Paloma Creek is a master-planned community in Northeastern Denton County, Texas, United States. The community is listed by the U.S. Census Bureau as two separate census-designated places, "Paloma Creek" and "Paloma Creek South", separated by U.S. Highway 380. As of the 2010 census, the Paloma Creek CDP (known locally as "Paloma Creek North") had a population of 2,501, while Paloma Creek South had a population of 2,753.  As of 2022, the HOA currently estimates the population to be approximately 20,000.

Paloma Creek was developed by Dallas-based Provident Realty Advisors over an area of approximately . The complete master-planned community is located north and south of U.S. Route 380 in an unincorporated area governed by the Denton County Fresh Water Supply Districts 8-A, 8-B, 11-A, 11-B, and 11-C.  The Lakeside Estates neighborhood shares Paloma Creek's HOA and is located on the West side of South Paloma Creek.  Although it is within the town limits of Little Elm, the vast majority of the 5,600 homes are within the five FWSDs.  The homes referred to as North Paloma Creek that are North of 380 have Aubrey mailing addresses.  The homes in South Paloma Creek have Little Elm mailing addresses.  

FWSD 11-B is also shared with Northlake Estates; however, those homes are not part of Paloma Creek.  They merely share infrastructure.  Phase I was completed in 2022 with 97 homes and Phase II began shortly thereafter with an additional 252 homes slated for completion.

The proximity to US Route 380 Highway, Dallas North Tollway, and Lewisville Lake Toll Bridge are major factors for the rapid residential growth in the area.

In early 2005, the first phase of homes was completed.  Upon its completion, the community will be populated with 5,600 homes constructed by several different builders.

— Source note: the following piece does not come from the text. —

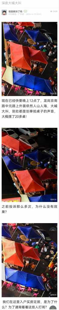 17. 帖文《深夜大喊大叫》《宵夜店投诉了两个月,没有效果》《外摆扰民一直没有解决,建筑红线到底是哪里?》

Paloma Creek is divided into the sections listed below:

Paloma Creek North - 900 home sites, comprising the "Paloma Creek" census-designated place
Paloma Creek South - 4,700 home sites

Education
The Paloma Creek census-designated place is within the Denton Independent School District. The CDP is zoned to Paloma Creek Elementary School, Navo Middle School, and Braswell High School.

Previously, all of the CDP was zoned to Paloma Creek Elementary, and Navo Middle School, while it was split between the boundaries of Billy Ryan High School and Denton High School.

Some areas of the development are in Little Elm Independent School District
 Lakeview Elementary School
 Oak Point Elementary School
 Walker Middle School 
 Little Elm High School

The majority of Denton County, Paloma Creek included, is in the boundary of North Central Texas College.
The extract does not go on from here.